16.2 The justification proffered by Mr. Bhatia that notices were issued prior to the passing of the impugned assessment order, does not impress us. This submission flies in the face of the schematic design of the statute.”
(e) Similar was a case in RKKR Foundation Vs. National Faceless Assessment Centre, Delhi, reported in  127 taxmann.com 643 (Delhi).
35. Learned Senior Advocate Mr. Pardiwala lays stress on judgment of the Supreme Court of India in the case of Sahara India (Firm) Vs. Commissioner of Income-tax, Central-I, reported in  169 Taxman 328 (SC) with a view to bring under focus necessity and importance of having opportunity of pre-decisional hearing to an assessee even in the absence of any express provision and requirement of following principles of natural justice and their reading into the provisions. The decision has been rendered by three judge bench of Supreme Court, in view of order passed by a two judge bench of said court where the division bench had found it necessary, since it could not align itself with another two judge bench decision in the case of Rajesh Kumar Vs. Dy. CIT reported in  157 Taxman 168. Rajesh Kumar (supra), ruled that an assessee should have an opportunity of pre-decisional hearing before issuing directions under section 142(2A) of the Income Tax Act. The three judge bench, in paragraphs 12 and 19, has observed, thus :-
“12. In Swadeshi Cotton Mills v. Union of India  1 SCC 664, R.S. Sarkaria, J., speaking for the majority in a three-Judge Bench, lucidly explained the meaning and scope of the concept of “natural justice”. Referring to several decisions, his Lordship observed thus :
“Rules of natural justice are not embodied rules. Being means to an end and not an end in themselves, it is not possible to make an exhaustive catalogue of such rules. But there are two fundamental maxims of natural justice viz. (i) audi alteram partem and (ii) nemo judex in re sua.

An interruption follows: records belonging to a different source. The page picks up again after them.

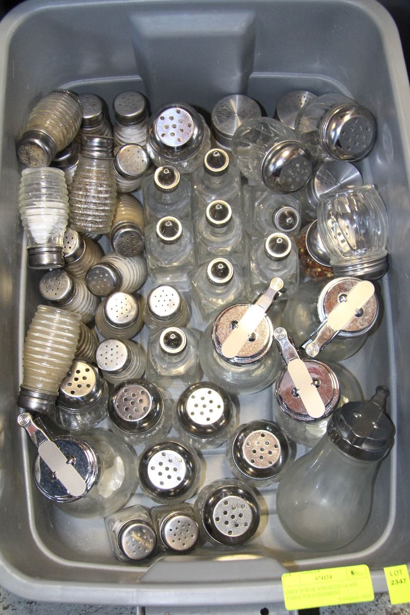GREY TOTE FILLED WITH CONDIMENT CONTAINERS
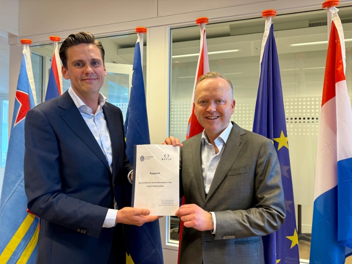 Overhandiging rapport door Wouter Veenendaal aan Roald Lapperre (van Koninkrijksrelaties)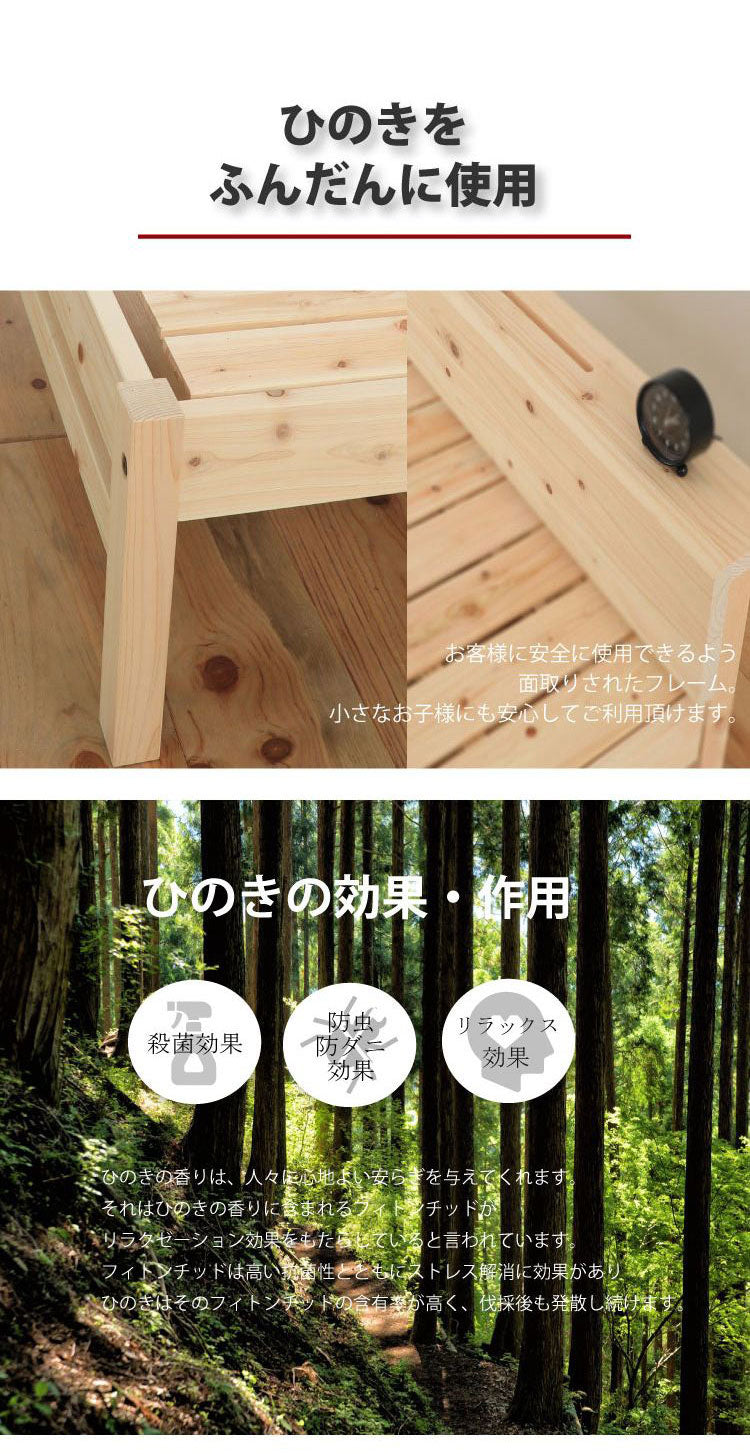 天然木ヒノキ、マットレス:ポリエステル100% ウレタン ポケットコイル

The audi alteram partem rule has many facets, two of them being (a) notice of the case to be met; and (b) opportunity to explain. This rule cannot be sacrificed at the altar of administrative convenience or celerity. The general principle – as distinguished from an absolute rule of uniform application – seems to be that where a statute does not, in terms, exclude this rule of prior hearing but contemplates a post- decisional hearing amounting to a full review of the original order on merits, then such a statute would be construed as excluding the audi alteram partem rule at the pre-decisional stage. Conversely if the statute conferring the power is silent with regard to the giving of a pre-decisional hearing to the person affected and the administrative decision taken by the authority involves civil consequences of a grave nature, and no full review or appeal on merits against that decision is provided, courts will be extremely reluctant to construe such a statute as excluding the duty of affording even a minimal hearing, shorn of all its formal trappings and dilatory features at the pre-decisional stage, unless, viewed pragmatically, it would paralyse the administrative process or frustrate the need for utmost promptitude. In short, this rule of fair play must not be jettisoned save in very exceptional circumstances where compulsive necessity so demands. The court must make every effort to salvage this cardinal rule to the maximum extent possible, with situational modifications. But, the core of it must, however, remain, namely, that the person affected must have reasonable opportunity of being heard and the hearing must be a genuine hearing and not an empty public relations exercise.”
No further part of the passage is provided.